I’m trying out the MEGAN6 Weighted LCA algorithm for the first time after previously using MEGAN5’s ‘LCA of an X percent’. We currently cluster our reads into OTU sequences which we then BLAST and analyze through MEGAN. Each OTU sequence then corresponds to a certain number of reads in the dataset. To use the weighted LCA algorithm, would you recommend taking these read numbers into account perhaps by setting Read Assignment Mode to ‘readMagnitude’ and using the correct “weight=XX” terminology in our OTU headers? Currently I’m a little concerned we are getting misalignments (see below) where OTUs have ‘good’ hits to multiple species. In the below case MEGAN5 would annotate to G. parvulum while MEGAN6 with wLCA annotates to ‘A. sp. AORF-2015’. Within MEGAN6 there is one other OTU in this dataset that is annotated to G. parvulum while there are 6 OTUs annotated to ‘A. sp. AORF-2015’ so I’m assuming that is why MEGAN6_wlCA annotates to ‘A. sp. AORF-2015’?
I didn’t see mention of how the ‘readMagnitude’ parameter affects LCA placement in the MEGAN6 manual, if there is a further description online please point me to it. I’m assuming it would then weigh a certain OTU sequence as that many reads when calculating read placement.

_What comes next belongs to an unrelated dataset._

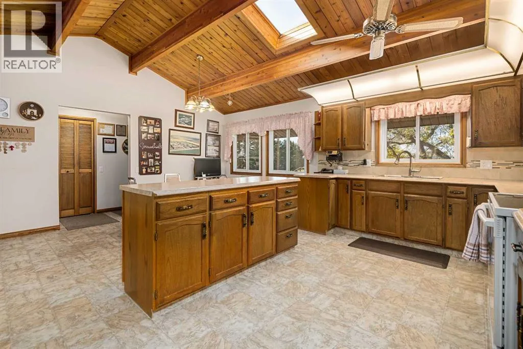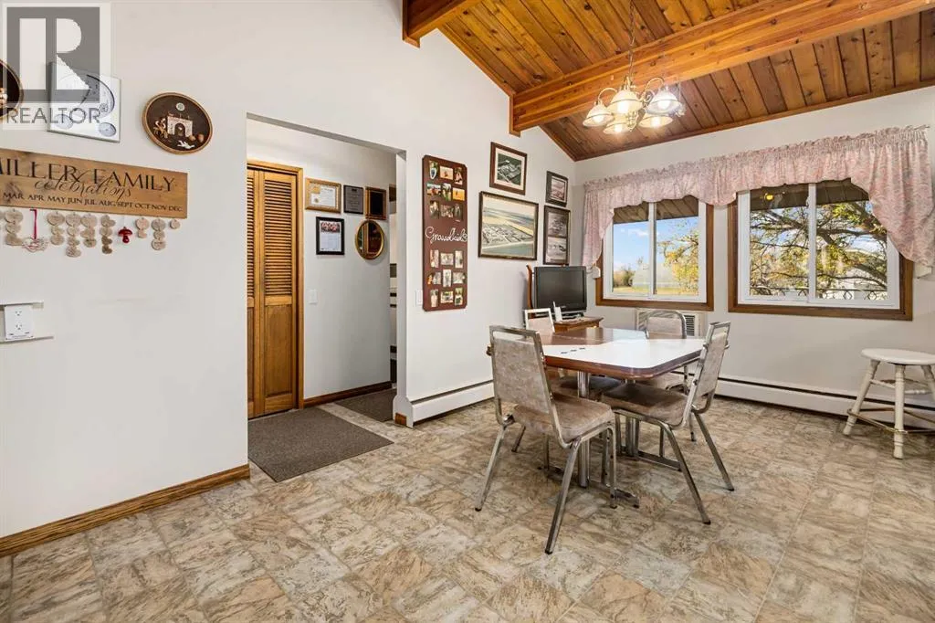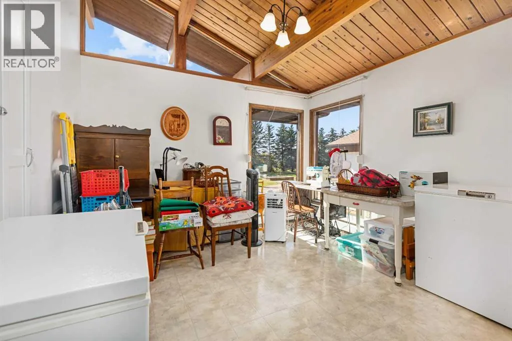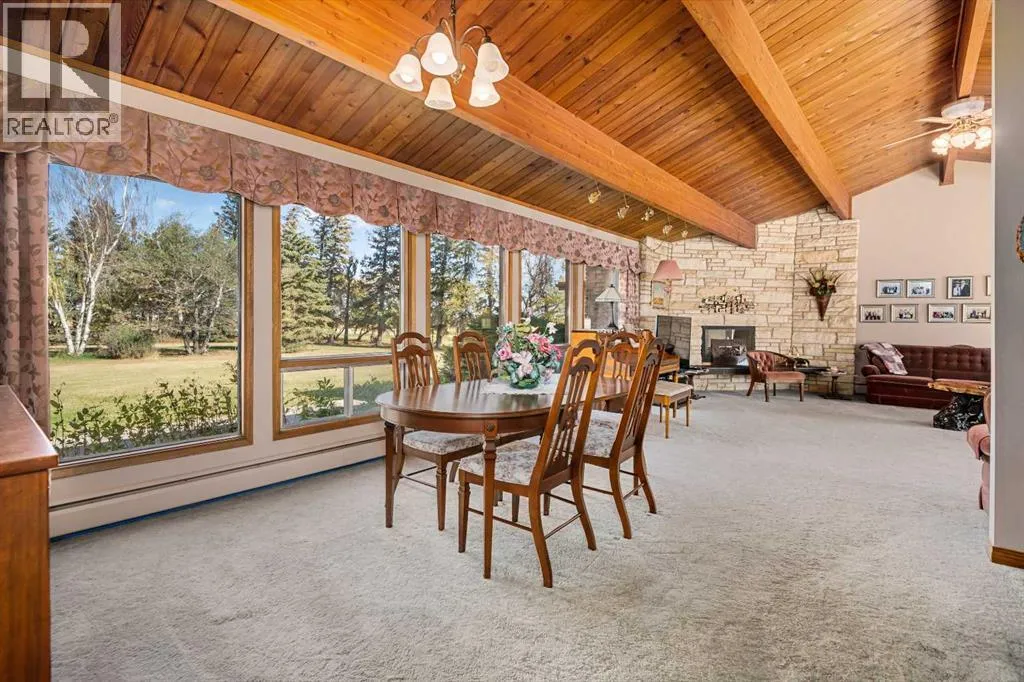 Tucked away among mature trees, this beautifully maintained acreage offers the perfect blend of privacy, space & convenience, just 37 mins to Calgary Airport, 26 mins to Airdrie, under 50 mins to downtown Calgary & 17 mins to Crossfield. This sprawling bungalow on 5.56 acres has over 6,300 sq ft of living space (3,237 sq ft up + 3,126 sq ft down), making it an incredible opportunity for large families or multi-generational living, with solid bones & endless potential to personalize. Inside youâll find 5 bedrooms up(one can be an office or flex space) & 2 down, 3.5 bathrooms up & 1 full bath down, vaulted wood ceilings throughout the main level, a large kitchen overlooking the breakfast nook, a massive family room with stone faced wood burning fireplace, & patio doors leading to a private concrete patio, a bright living room also with stone faced wood burning fireplace & formal dining area, & a main-floor laundry room with sink & cabinetry for convenience off the back entry & garage. The fully finished basement is designed for entertaining & flexible living, featuring a huge rec/family room with another stone wood-burning fireplace & adjacent wet bar, 2 bedrooms, full bathroom, cold room, kitchenette, additional living/games room, flex space & a large storage area, plus stairs to access to the garage directly. Outside, the property impresses with a 72x40 heated, insulated Quonset with concrete floor, a 40x30 detached garage & a 24x24 attached garage, along with a huge garden area perfect for growing your own food & room for animals or recreation. Additional highlights include newer shingles & 2 zoned boilers with thermostats throughout the home for efficient comfort. This acreage is the perfect place to raise a family, create your dream hobby farm, or simply enjoy the serenity of country living with quick access to nearby communities & city amenities. (id:27476)

I’m also curious as to your opinion on how this affects the accuracy of taxon assignment - should it matter more in a presence/absence manner if a species is detected by a unique sequence (and more unique OTUs being assigned to a taxon makes it more likely to be truly present) or should the abundance of each unique sequence be taken into account - so one very abundant unique sequence would make it more likely other sequences would be annotated as that taxon. Please let me know if I’m misunderstanding how the weighted LCA works.